Wren Jonathan D, Georgescu Constantin, Giles Cory B, Hennessey Jason
Oklahoma Medical Research Foundation, Oklahoma City, Arthritis and Clinical Immunology Research Program, 825 N.E. 13th Street, Oklahoma City, OK 73104-5005, USA.
University of Oklahoma Health Sciences Center, Department of Biochemistry and Molecular Biology, 940 Stanton L. Young Blvd, OK 73104-5005, USA.
Nucleic Acids Res. 2017 Apr 20;45(7):3627-3633. doi: 10.1093/nar/gkx182.

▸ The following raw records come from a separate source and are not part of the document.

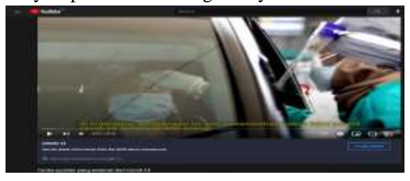
Figure 25. Youtube

At the evaluation stage, after producing a video that can be watched, then this video will be shown to the supervisor for suggestions and input that will be used as a guide for improvements to the video. And the author will upload a video testimony of Covid-19 survivors which contains the stories of six sources of Covid-19 survivors from the final results obtained from views, likes, and positive comments from the audience. The final result of this Covid-19 survivor video testimony will be submitted to the supervisor first, to be given final feedback on the video design, and after obtaining approval, the video design will be fully implemented through the youtube channel.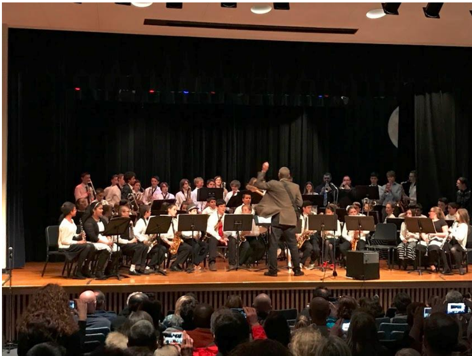
MRE, LBMS, and NRHS Jazz Bands onstage at the first annual Lancaster Jazz Night!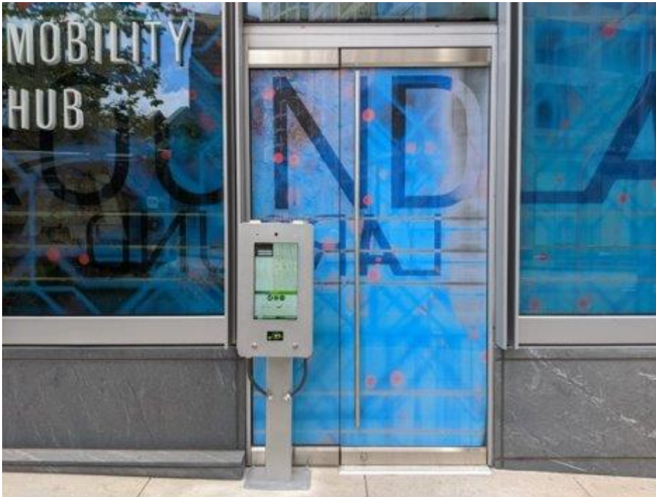
Los Angeles, Wilshire Grand new mobility hub

.. provide a focal point in the transportation network that seamlessly integrates different modes of transportation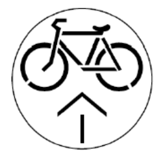
STRAIGHT AHEAD ARROW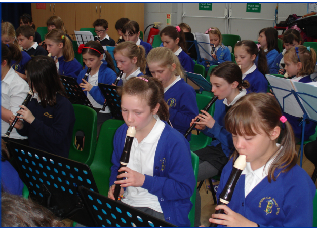
Recorder Group at Recorder Jamboree 2011

Children in Planet Team who wish to learn the descant (Yrs 3/4) or treble (Yrs 5/6) recorder, are offered a weekly group lesson during their lunchtime.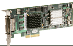
ATTO ExpressPCI UL5D LP

Scientific Data Analysis Resources (SDARs) such as bioinformatics programs, web servers and databases are integral to modern science, but previous studies have shown that the Uniform Resource Locators (URLs) linking to them decay in a time-dependent manner, with ∼27% decayed to date. Because SDARs are overrepresented among science's most cited papers over the past 20 years, loss of widely used SDARs could be particularly disruptive to scientific research. We identified URLs in MEDLINE abstracts and used crowdsourcing to identify which reported the creation of SDARs. We used the Internet Archive's Wayback Machine to approximate 'death dates' and calculate citations/year over each SDAR's lifespan. At first glance, decayed SDARs did not significantly differ from available SDARs in their average citations per year over their lifespan or journal impact factor (JIF). But the most cited SDARs were 94% likely to be relocated to another URL versus only 34% of uncited ones. Taking relocation into account, we find that citations are the strongest predictors of current online availability after time since publication, and JIF modestly predictive. This suggests that URL decay is a general, persistent phenomenon affecting all URLs, but the most useful/recognized SDARs are more likely to persist.
生物信息学程序、网络服务器和数据库等科学数据分析资源(SDARs)是现代科学不可或缺的一部分,但先前的研究表明,指向这些资源的统一资源定位符(URLs)会随时间衰减,至今约有27%已经失效。由于在过去20年里,科学领域被引用次数最多的论文中,SDARs的占比过高,广泛使用的SDARs的丢失可能会对科学研究造成特别大的干扰。我们在MEDLINE摘要中识别出URLs,并通过众包来确定哪些报道了SDARs的创建。我们使用互联网档案馆的时光机来估算“死亡日期”,并计算每个SDAR生命周期内的年引用量。乍一看,失效的SDARs在其生命周期内的年均引用量或期刊影响因子(JIF)方面与可用的SDARs没有显著差异。但被引用次数最多的SDARs有94%可能会被重新定位到另一个URL,而未被引用的SDARs只有34%会这样。考虑到重新定位因素,我们发现,自发表以来的时间之后,引用量是当前在线可用性的最强预测指标,而JIF的预测作用较小。这表明URL衰减是一个普遍且持续的现象,影响着所有URLs,但最有用/最受认可的SDARs更有可能持续存在。